Introduction
Self-organisation is used by many biological systems to drive the emergence of robust collective phenomena across large populations of cells, and is known to underpin processes such as tissue morphogenesis, collective motion and disease progression \cite{Gorochowski2020}. Engineering microagents – be they living cells or human-made microrobots – with similarly complex collective behaviours would have applications ranging from the design of new functional materials \cite{Slavkov2018} to novel biomedical therapies \cite{Alapan_2019,Hauert_2014}. The key component driving self-organisation is the ability for agents to react to their local environment and follow simple behavioural rules \cite{Brambilla_2013}. However, at present we struggle to rapidly tweak the rules that microagents follow. As a stepping stone, in this work we propose to externally control each microagent and their reaction to the local environment, allowing for the rapid prototyping of behavioural rules that give rise to self-organisation. Light is perfectly suited for this task and at small scales can be used to make and break bonds \cite{Chen2018}, power micromotors \cite{Palagi_2019}, alter shapes \cite{stoychev2019light}, drive the release of a cargo \cite{Erkoc_2018}, modify microenvironments \cite{Ruskowitz_2018}, and interact with light sensing organisms \cite{J_kely_2008,Purcell_2008}, making it a powerful tool for microagent control. Moreover, unlike other methods based on the use of chemicals or magnetic fields, light is better suited to the simultaneous control of many agents due to its high spatio-temporal resolution.

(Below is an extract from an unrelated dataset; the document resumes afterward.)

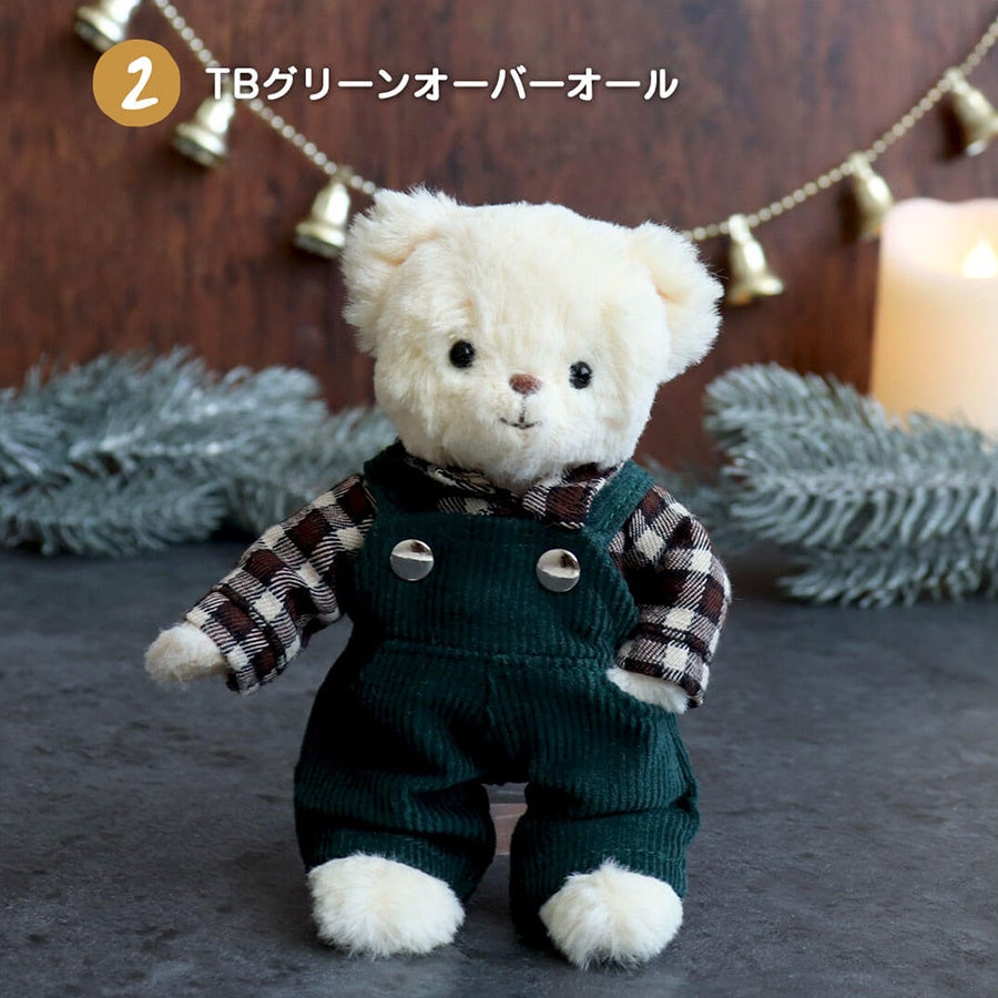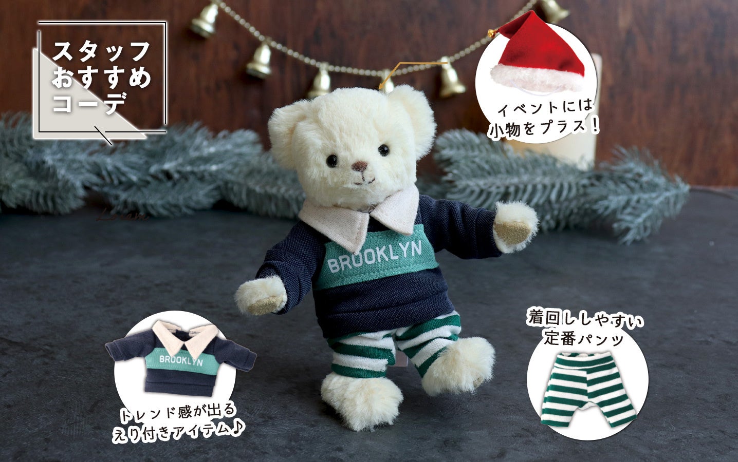 コーデュロイやチェック柄など季節感あふれる素材を取り入れた、おしゃれであたたかな全4スタイルを展開します。クリスマス気分を盛り上げるサンタ帽付きのセットも登場し、冬のテディベアライフを華やかに彩ります。

Light-controlled microswarms have been shown to perform collective phototaxis \cite{Dai_2016}, self-assemble into active materials \cite{Schmidt2019}, and treat tumours \cite{Tao2020}, yet many of these systems rely on manual control of a single or few light stimuli, offering limited local control at the scale of large collectives. In a number of instances, closed-loop high-resolution spatio-temporal control has been demonstrated, achieving complex behaviours such as flocking \cite{Lavergne2019}, formation of sophisticated shapes \cite{Frangipane2018} and collective cargo transport \cite{Steager_2015}. However, typically a bespoke optical setup is needed to realise this control, making the approach inaccessible to most labs. Of the setups that have been previously developed, very few are reproducible due to insufficient documentation, and many rely on components such as optical breadboards \cite{Lam_2017} or fluorescence microscopes \cite{Stirman_2012} to provide structural and mechanical functions, which can be costly and may require some degree of specialised expertise to install and operate.
To address these limitations, here we present the Dynamic Optical MicroEnvironment (DOME). The DOME is a fully integrated device that is able to project dynamic light patterns in response to the behaviour of light-reactive microagents and guide their collective behaviour (Figure \ref{506762}). This is made possible by the DOME’s ability to continuously image a microsystem and use this information as input into feedback control schemes that can then modify the light pattern projected in real-time to interact and guide the behaviours of the individual agents. Furthermore, the DOME has been specifically designed to be low-cost, modular, and open source to allow for the easy adaptation to new applications. This builds on other existing open platforms focused on microscopy, by adding fine-grained light-based control \cite{Diederich_2020}.
Materials and methods
The DOME (Figure \ref{650756}) consists of three major subsystems: dynamic light projection, real-time imaging, and computation of feedback control signals. The imaging module, which consists of an inverted microscopy setup and camera, observes changes in the micro-system such as agent density or position, and communicates these changes to the projection module via feedback control. This causes the projected light to be restructured in line with the new state of the system, creating what we term a ‘light-based augmented reality layer’ \cite{Denniss_2019} on the sample stage that can be used to influence the behaviour of light-responsive microagents that are present.